Just as the BP oil spill is alerting Americans to the cost of our oil addiction, perhaps this weed boom could awaken us to the cost of our own backyard “farming.”

Consider the resources that are wasted in the effort to keep our lawns looking like putting greens. According to People Powered Machines:

Each weekend, about 54 million Americans mow their lawns, using 800 million gallons of gas per year and producing tons of air pollutants. Garden equipment engines, which have had unregulated emissions until very recently, emit high levels of carbon monoxide, volatile organic compounds and nitrogen oxides, producing up to 5% of the nation's air pollution and a good deal more in metropolitan areas.

According to the U.S. Environmental Protection Agency (EPA), a traditional gas powered lawn mower produces as much air pollution as 43 new cars each being driven 12,000 miles.

And speaking of gas, the EPA states that 17 million gallons of fuel, mostly gasoline, are spilled each year while refueling lawn equipment. That's more than all the oil spilled by the Exxon Valdez, in the Gulf of Alaska.

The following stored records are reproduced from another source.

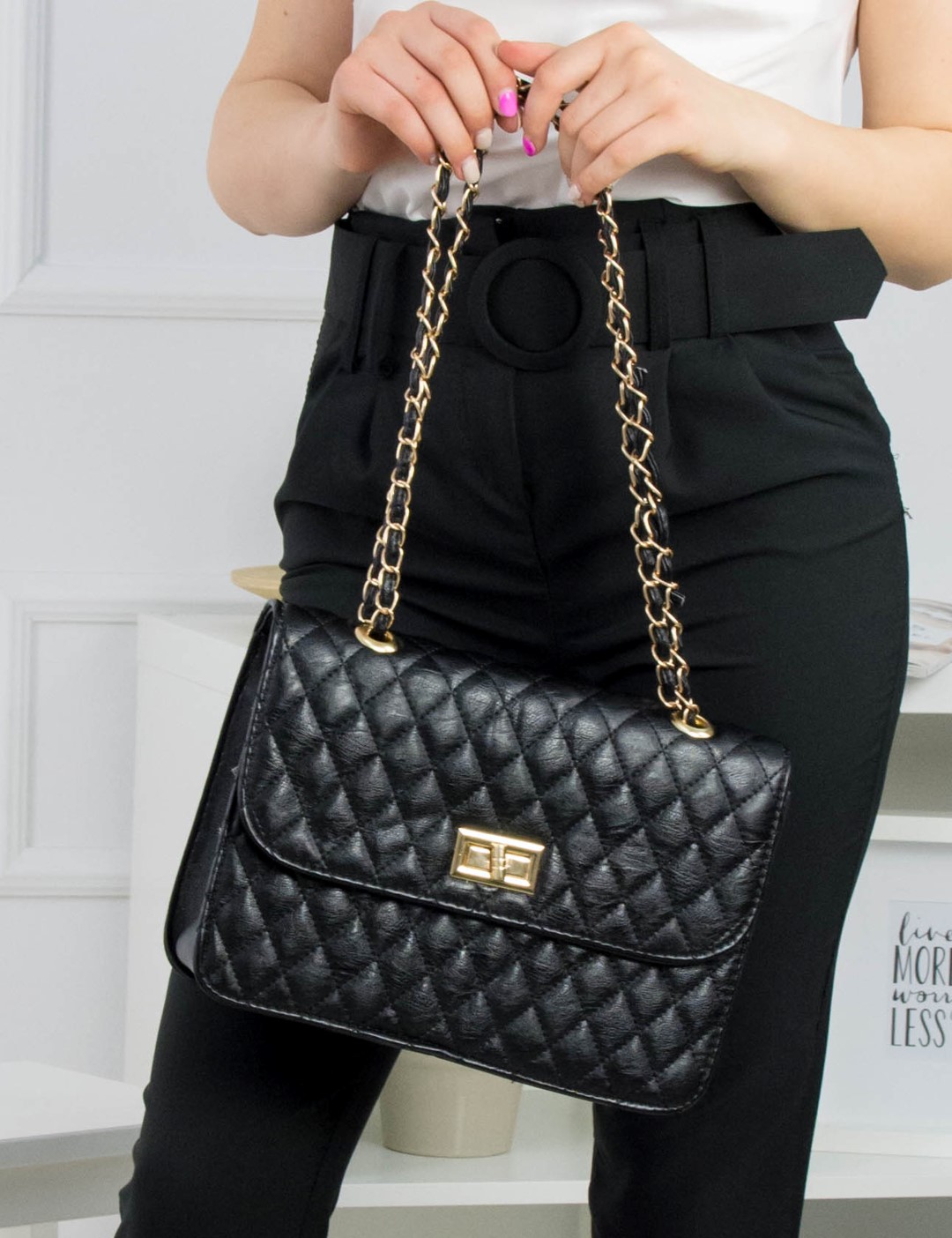 €89.00Γυναικεία καπιτονέ τσάντα ώμου μαύρη δερματίνη 60662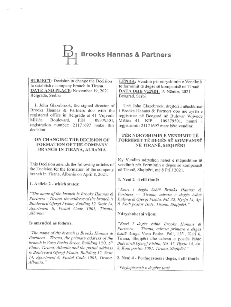 Brooks Hanna's & PartnersSUBJECT: Decision to change the Decision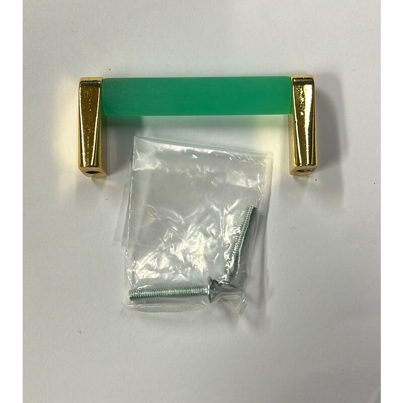 CONNEX - MANIGLIA IN VETRO VERDE CON ANGOLARI ORO INTERASSE 64MM Aggiunge un tocco audace e moderno alla tua casa Costruzione robusta e robusta Comodo da impugnare Facile da tirare e rimuovere La superficie è liscia e priva di bave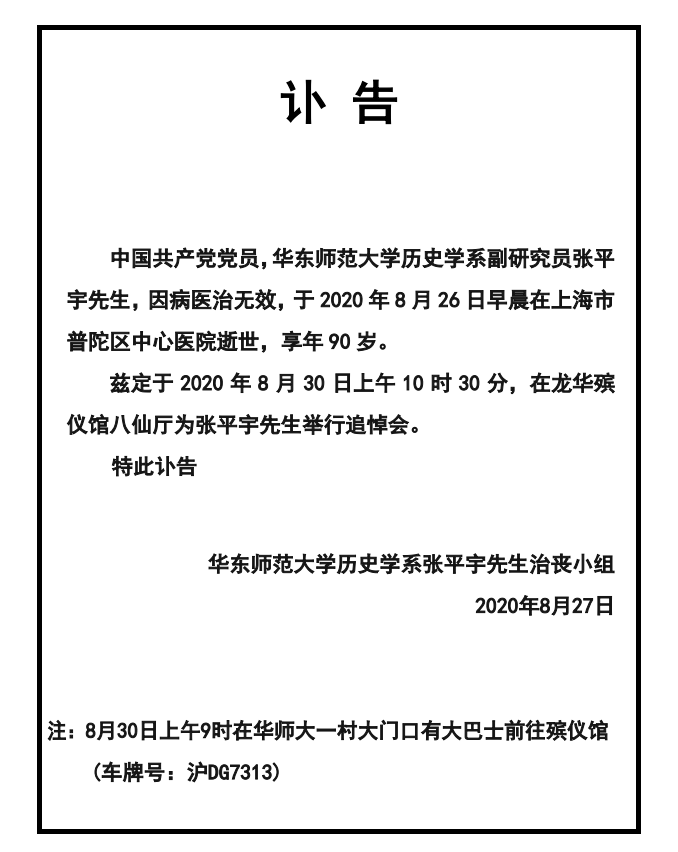 沉痛悼念张平宇先生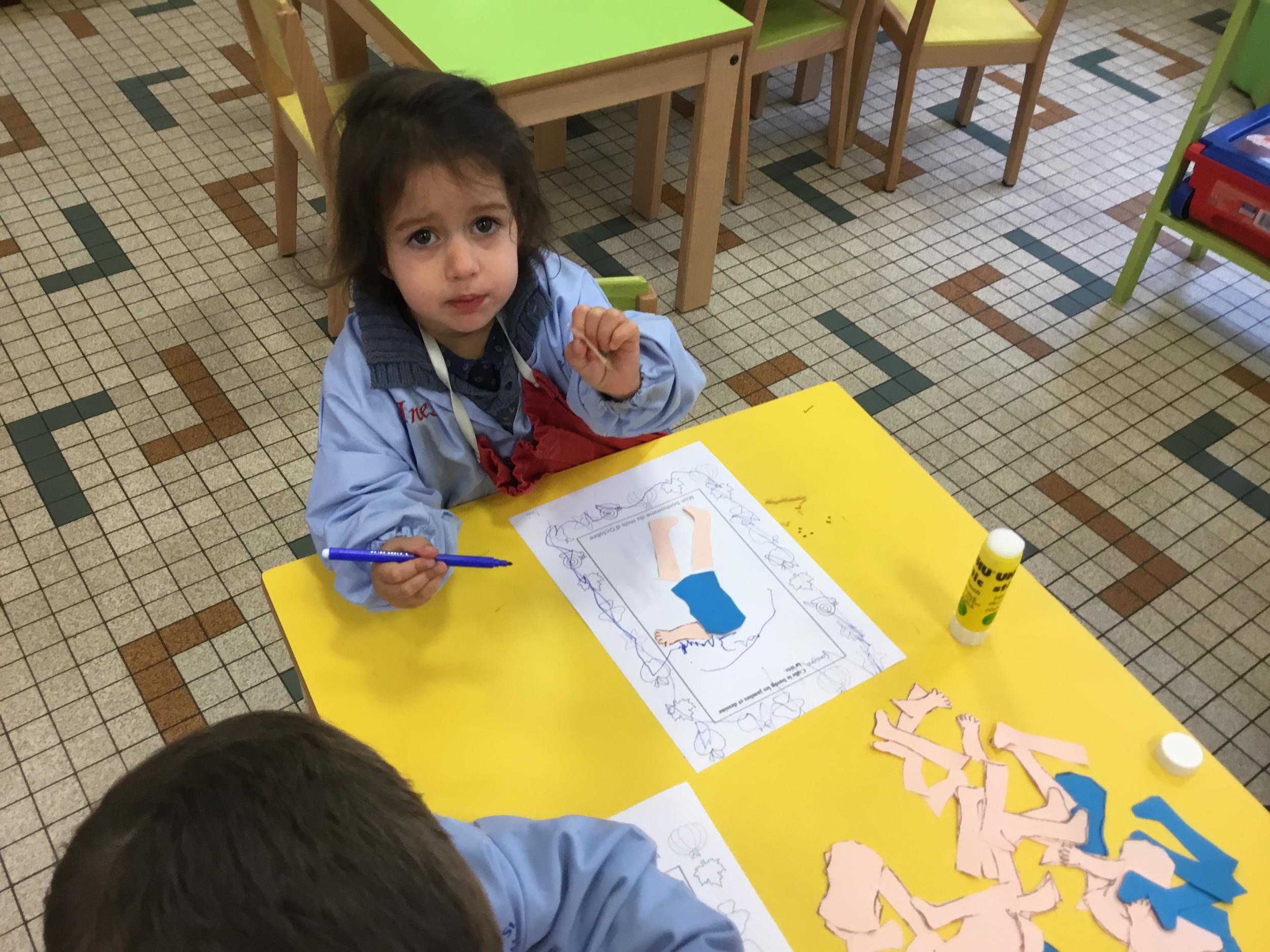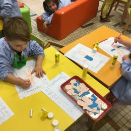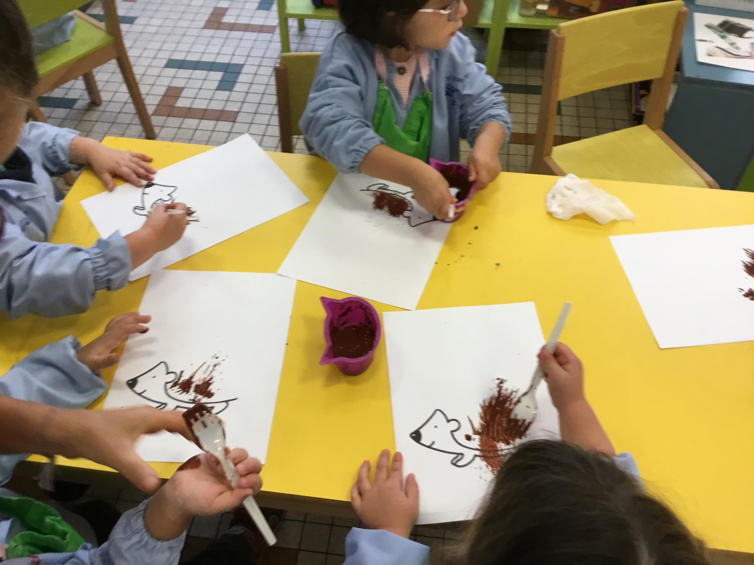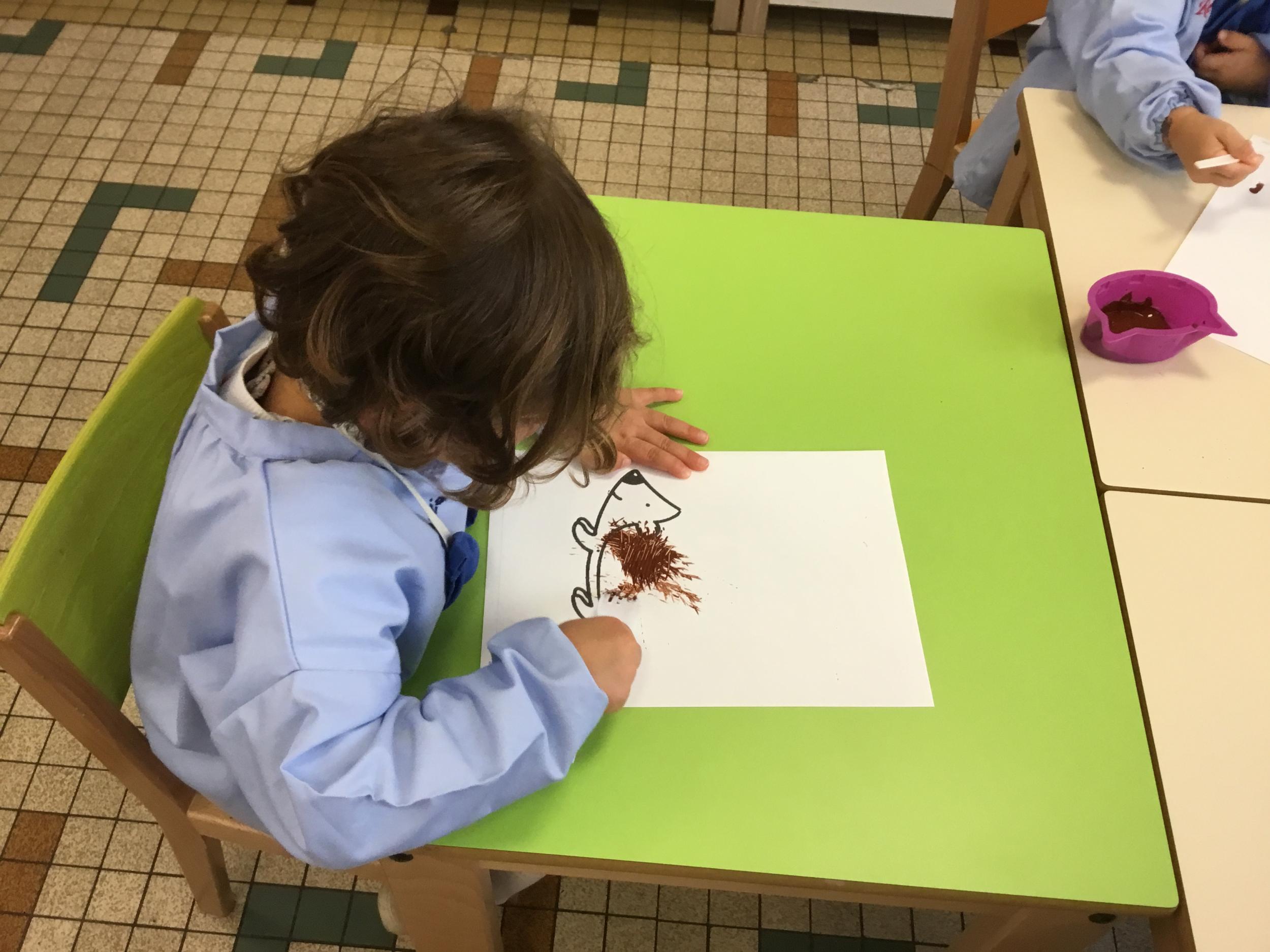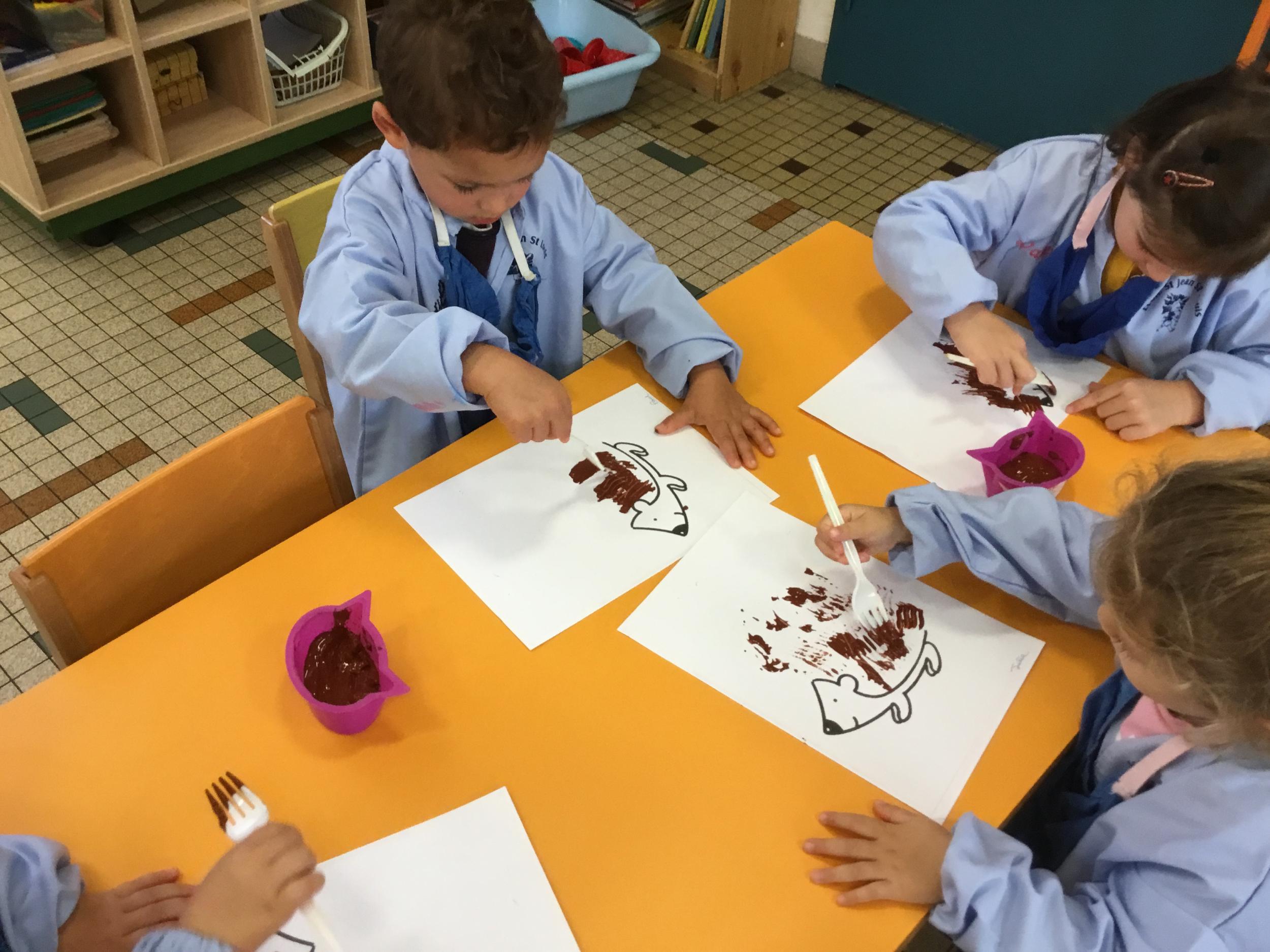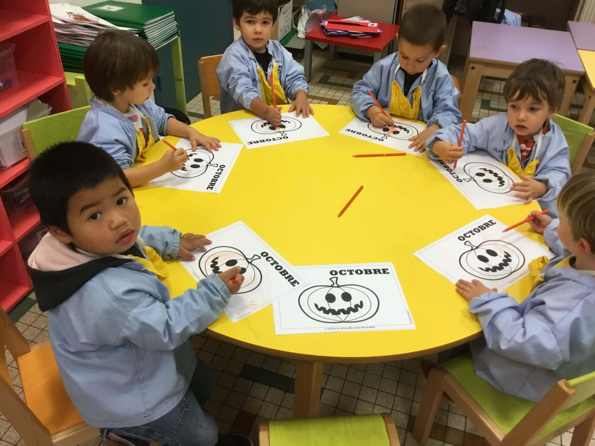 Petite et moyenne section 15/10/2020 Les élèves continuent à laisser des traces à l’aide de différents outils: la fourchette et le coton tige Le bonhomme du mois d’octobre Découper des bouts de laine. Les consignes sont données en anglais Écouter une histoire et la raconter à l’aide de marionnettes Atelier en autonomie: colorier la fiche du mois d’octobre pour le cahier de vie

That’s on top of the water, herbicides, fertilizers, and other chemicals we use to keep lawns looking green.

And then there’s the incalculable opportunity cost of the human talent, time, and labor devoted to grass maintenance. Last week, while on vacation in Cape Cod, I saw crew after crew of young men sweating in the salty air to give lush lawns a buzz cut. These days, any job’s a good job, but it's hard not to wish that all that money and labor were channeled elsewhere – say to building better schools.

So what are the alternatives?

Those with smaller lawns can trade in expensive, self-propelled gas guzzling mowers for cheaper electric or push-reel models. The result is free cash, free exercise, and a better cut.

Those with bigger lawns have to think more creatively until hybrid riding mowers go mainstream. Options include:

Synthetic turf

“No mow” grass, specially designed to grow just a few inches high

• Ground cover like clover, or other native grasses

• A really big vegetable garden

Like the weed killer Roundup, gas-powered mowers are convenient and effective – for a time. Our instinct is to turn to technology to build a better mousetrap. But maybe it’s time we figured out how to turn the proverbial mouse into a pet.